### Information shown
BEGIN

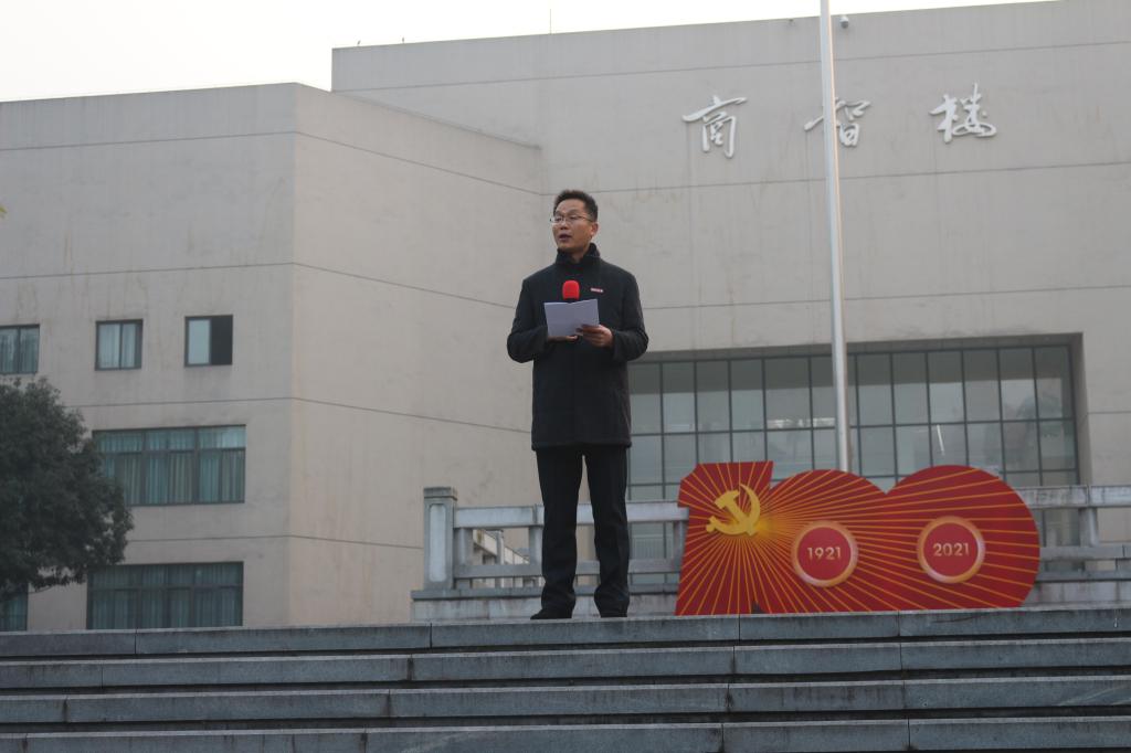 陈春洁进行了题为“庆建党百年,忆红色初心”的爱国主义教育,他强调了此时此刻组织此次师生一起唱国歌、升国旗仪式的三个重大意义:一是中国共产党今年成立一百周年,学习贯彻习近平总书记在庆祝中国共产党成立100周年大会上的重要讲话精神是目前和今后一个时期的一项重大政治任务;二是在这个高速发展的时代,作为青年学子,亦是祖国未来的希望,要坚定“四个自信”,清楚认识国家的制度优势,增强做中国人的志气、骨气、底气;三是管工学子作为“管科人”,理应以国为家,承担起民族振兴的历史重任,把爱国之情付诸实践。同时,代表学院党委对学院青年师生提出了殷切期望。一是坚定理想信念、锤炼高尚品格,将人生的每一步走踏实;二是练就过硬本领,勇于创新创造,不断巩固自身能力提升综合素质;三是以理想为帆,信仰作桨,用实际行动谱写开拓创新的新时代赞歌,努力成长为未来建设祖国的主力军!
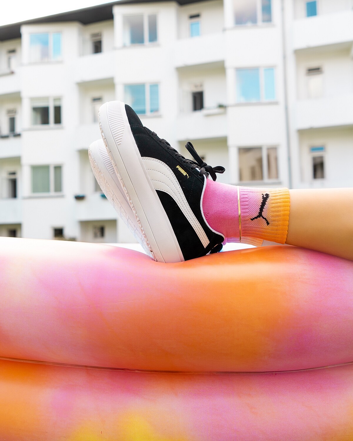今年上半年,由 PUMA 女力大使 Dua Lipa 親自演繹首度曝光的復古龐克厚底美鞋 SUEDE MAYU,寶石藍及熱情紅兩大復刻配色首發上市便迅速抓住女孩們的眼球,成為各大社群媒體熱議鞋款,今年秋天,PUMA SUEDE MAYU 變身以經典不敗時尚黑白配色正式在台登場。身為經典 SUEDE 鞋履的 2021 全新進化產物,SUEDE MAYU 以大膽誇張視角重塑設計改造,為 PUMA SUEDE 披上強烈街頭潮流型格,搶眼包裹超厚實氣勢鞋底與奢華麂皮絨質鞋面,傳遞龐克前衛的時尚美型概念。MAYU 這個命名取自於日文「繭」的意思,一方面呼應其鞋頭延伸至鞋跟的厚底外型,如同繭一般層層堆疊包裹而成,另一方面則象徵女孩們在經歷各種挑戰的過程中,接受前人推動、自我歷練後,最終破繭而出的美麗意象。
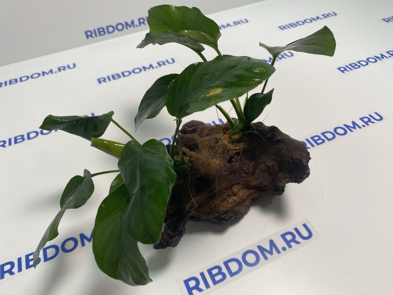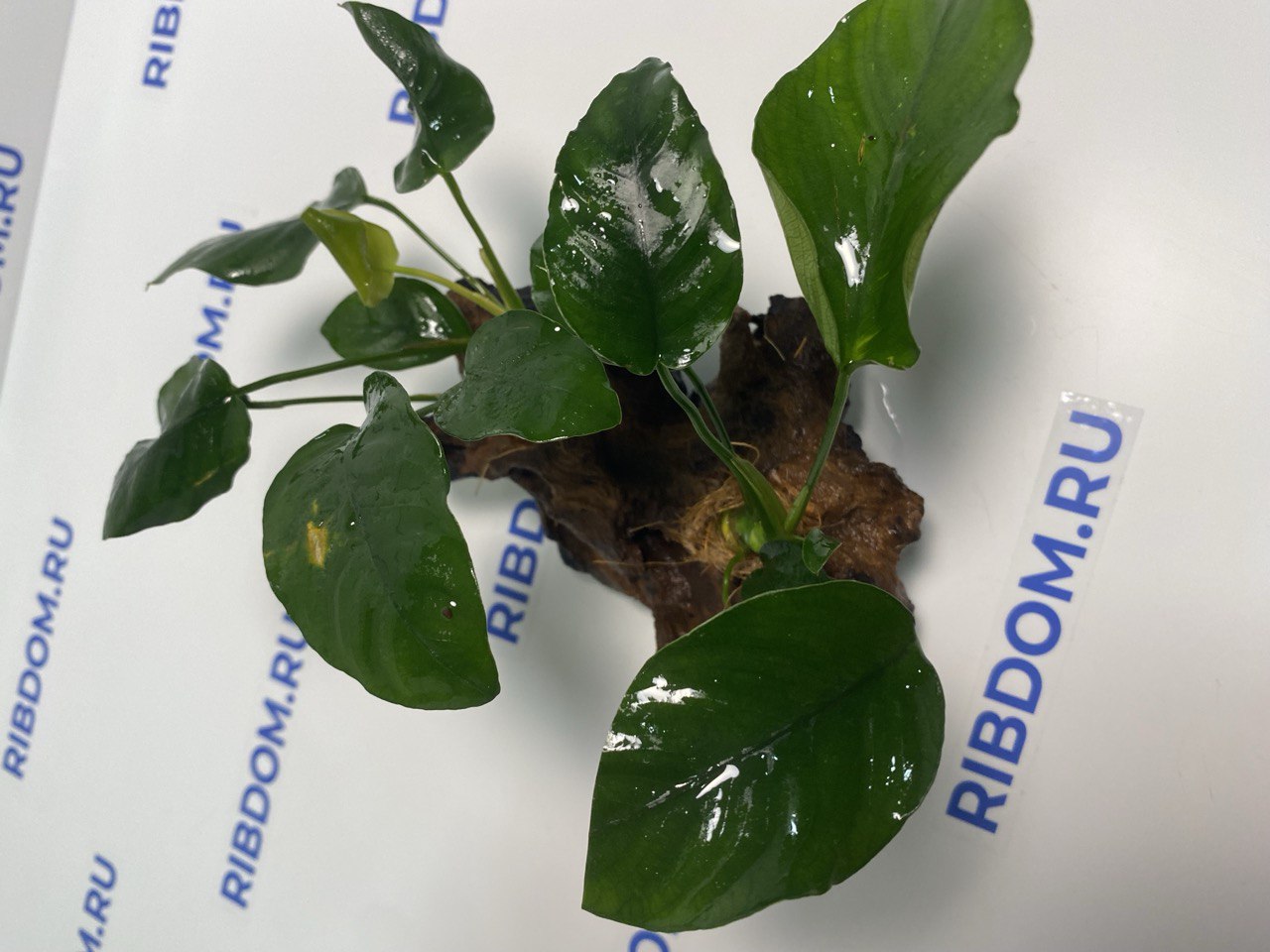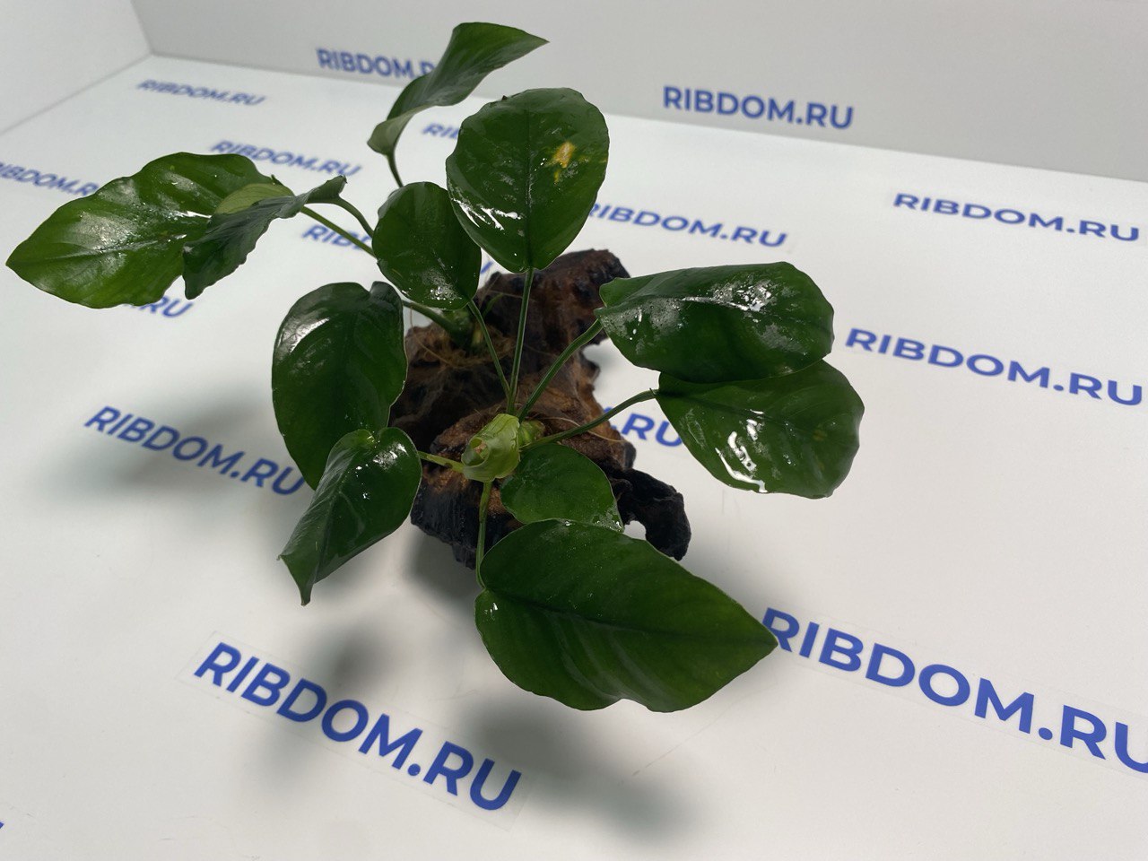 Это карликовый сорт Anubias barteri. Толстые темно-зеленые листья этого растения на коротком стебле одни из самых маленьких и компактных в роде Anubias, вырастающие всего до 8 см при общей высоте 12 см.

END

### Your goal
The expected output is the lines from the line that contains "今年上半年,由 PUMA 女力大使" through the last line of the material, reproduced exactly, with both ends present and pictures absent.

### Task output
今年上半年,由 PUMA 女力大使 Dua Lipa 親自演繹首度曝光的復古龐克厚底美鞋 SUEDE MAYU,寶石藍及熱情紅兩大復刻配色首發上市便迅速抓住女孩們的眼球,成為各大社群媒體熱議鞋款,今年秋天,PUMA SUEDE MAYU 變身以經典不敗時尚黑白配色正式在台登場。身為經典 SUEDE 鞋履的 2021 全新進化產物,SUEDE MAYU 以大膽誇張視角重塑設計改造,為 PUMA SUEDE 披上強烈街頭潮流型格,搶眼包裹超厚實氣勢鞋底與奢華麂皮絨質鞋面,傳遞龐克前衛的時尚美型概念。MAYU 這個命名取自於日文「繭」的意思,一方面呼應其鞋頭延伸至鞋跟的厚底外型,如同繭一般層層堆疊包裹而成,另一方面則象徵女孩們在經歷各種挑戰的過程中,接受前人推動、自我歷練後,最終破繭而出的美麗意象。
 Это карликовый сорт Anubias barteri. Толстые темно-зеленые листья этого растения на коротком стебле одни из самых маленьких и компактных в роде Anubias, вырастающие всего до 8 см при общей высоте 12 см.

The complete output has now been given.